Recommendations for large data¶
- Large string properties: If you need to store data exceeding 12 MB, use a media reference property instead. Media references allow you to associate large files or binary content with an object without impacting indexing performance.
- Large arrays: If you need to model relationships that would exceed 100,000 elements, consider using link types instead of array properties. Links provide a more scalable and queryable way to represent relationships between objects.
中文翻译¶
数据限制¶
对象存储V2(Object Storage V2,OSv2)强制执行数据限制,以确保进入本体(ontology)的数据质量,提供更确定的行为,并提高整个平台的可读性。这些限制在索引过程中进行验证。对于由批量数据源支持的对象类型,违规将导致索引作业失败。对于由流式数据源支持的对象类型,违反这些限制的记录将被丢弃。
主键与唯一性¶
OSv2 强制要求数据源的对象主键唯一。如果单个事务中存在重复的主键,索引将失败并抛出错误。如果跨事务存在重复的主键,则使用较新事务中的版本。
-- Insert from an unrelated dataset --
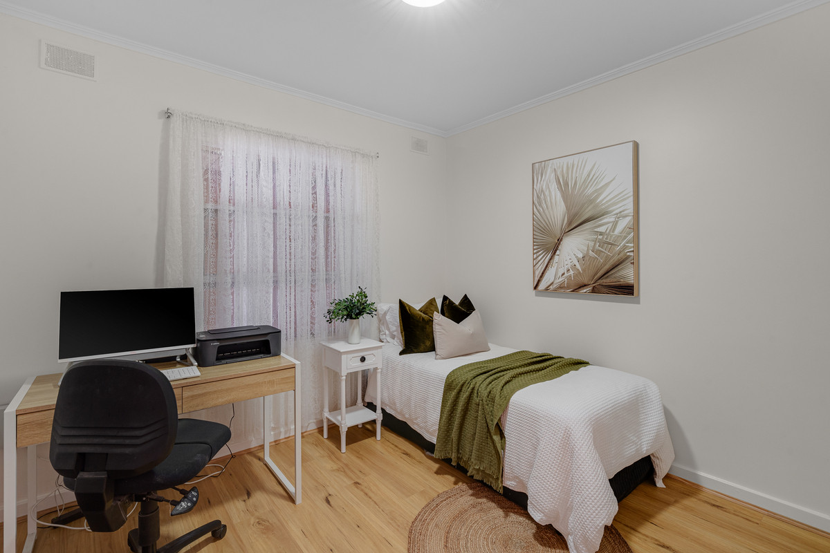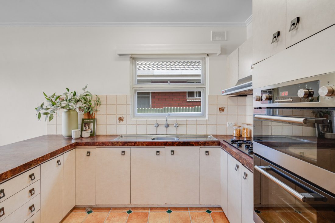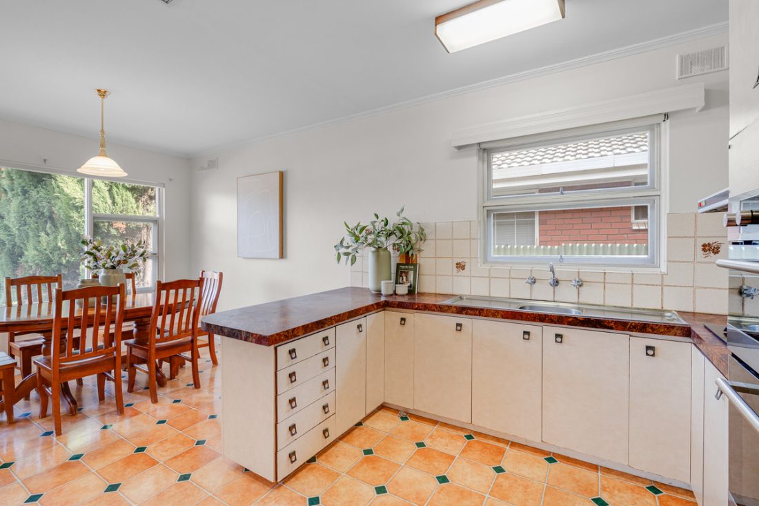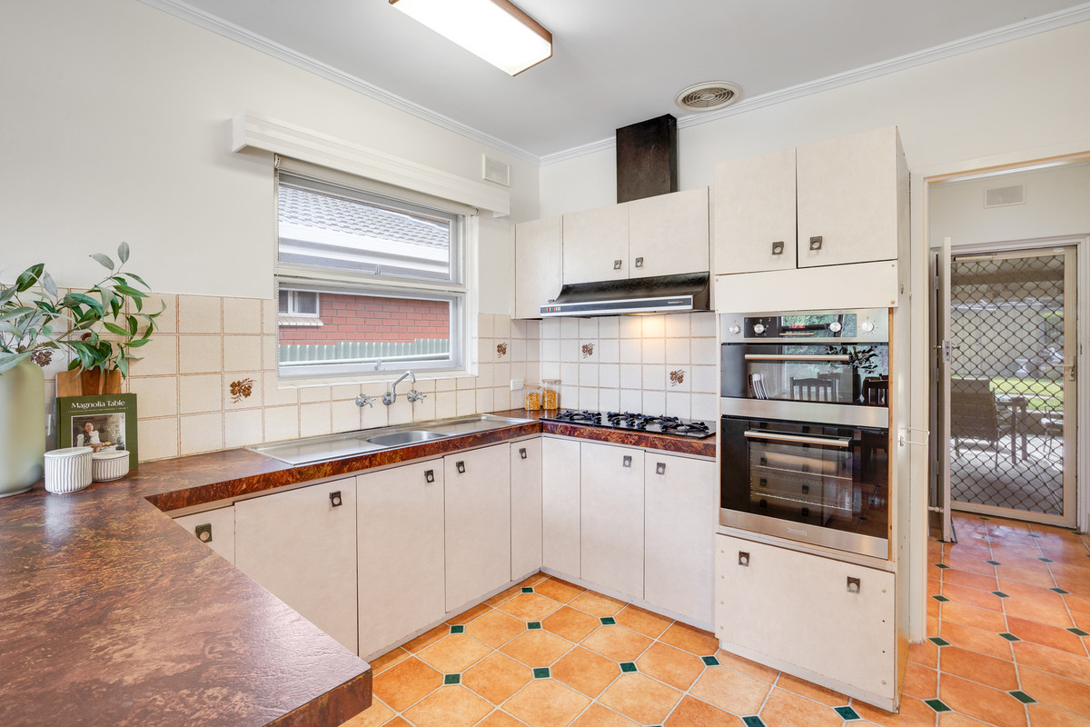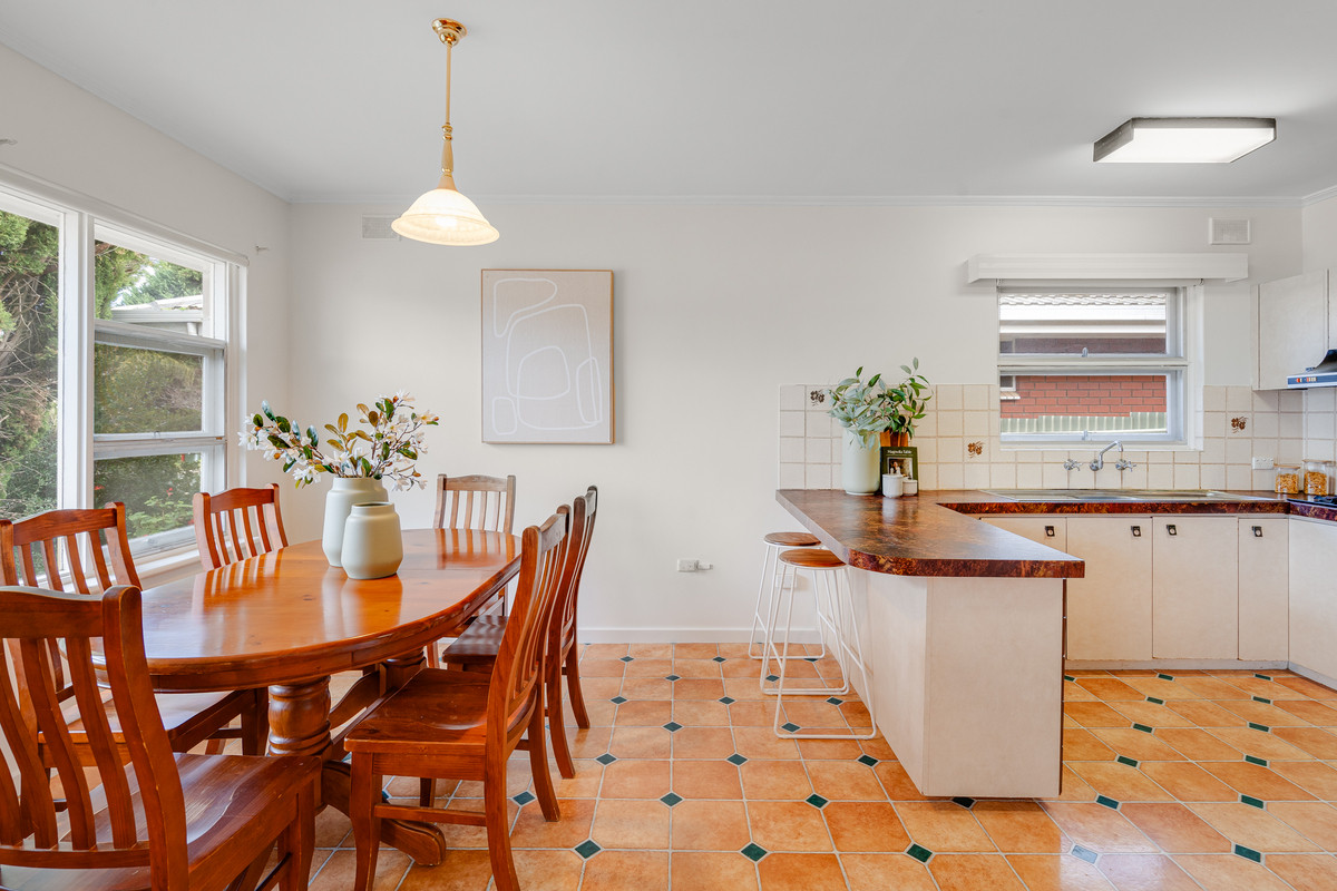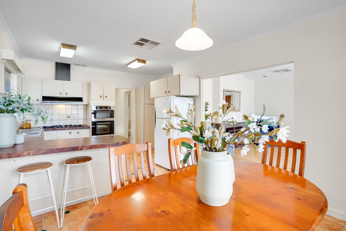 Continue through to the kitchen and dining area, a delightful and well-maintained space with leafy views of the yard. The charming and quaint kitchen features a tiled splash-back, gas cooktop, wall oven, and an abundance of cabinetry, offering both functionality and style.

OSv2 禁止将某些数据类型用作主键,以鼓励遵循本体建模最佳实践。以下类型不能用作主键:
- 地理点(Geopoint)
- 地理形状(Geoshapes)
- 数组(Arrays)
- 时间序列属性(Time series properties)
- 实数类型(decimal、double、float)
属性类型限制¶
- OSv2 在每次同步时强制要求数据源模式与对象类型模式之间的数据类型一致性。属性的不兼容数据类型将导致构建失败。
- 当更改现有属性的基础类型时(例如,从
Double改为Integer),该属性的所有现有值必须与目标类型严格兼容。如果任何数据条目包含与新类型不兼容的值(例如,更改为 Integer 时出现小数,或包含货币符号),迁移将失败,并显示类似A property could not be cast to the new type的错误。如果存在不兼容的值,模式迁移将无法进行,且迁移过程无法自动清理或强制转换这些值。 - OSv2 不允许将
NaN或±infinity作为属性值。 - OSv2 中不允许空字符串;在 OSv1 中,空字符串会被静默转换为 null。
纬度, 经度(Lat, Long)应为不带括号的逗号分隔字符串,例如-29.123, 150.982。- OSv2 不允许包含嵌套数组的属性。
- OSv2 不允许数组数据类型属性中包含 null 元素。
- OSv2 支持在受限视图数据源的细粒度权限策略中使用
Not条件,前提是被否定的字段是一个集合且具有非空约束。这可以通过在 Ontology Manager 中将相关属性标记为必填来配置。 - OSv2 对地理点属性有更严格的验证。
属性大小限制¶
OSv2 对单个属性强制执行大小限制,以确保可靠的索引性能和稳定性。这些限制解决了处理大型属性值时可能出现的序列化约束和内存压力问题。
| 属性类型 | 最大大小 |
|---|---|
| 字符串属性 | 12 MB |
| 数组属性 | 100,000 个元素 |
超出这些限制的属性将导致索引作业失败。这些限制最初适用于由批量数据源支持的对象类型;未来将对具有流式数据源的对象类型应用类似限制。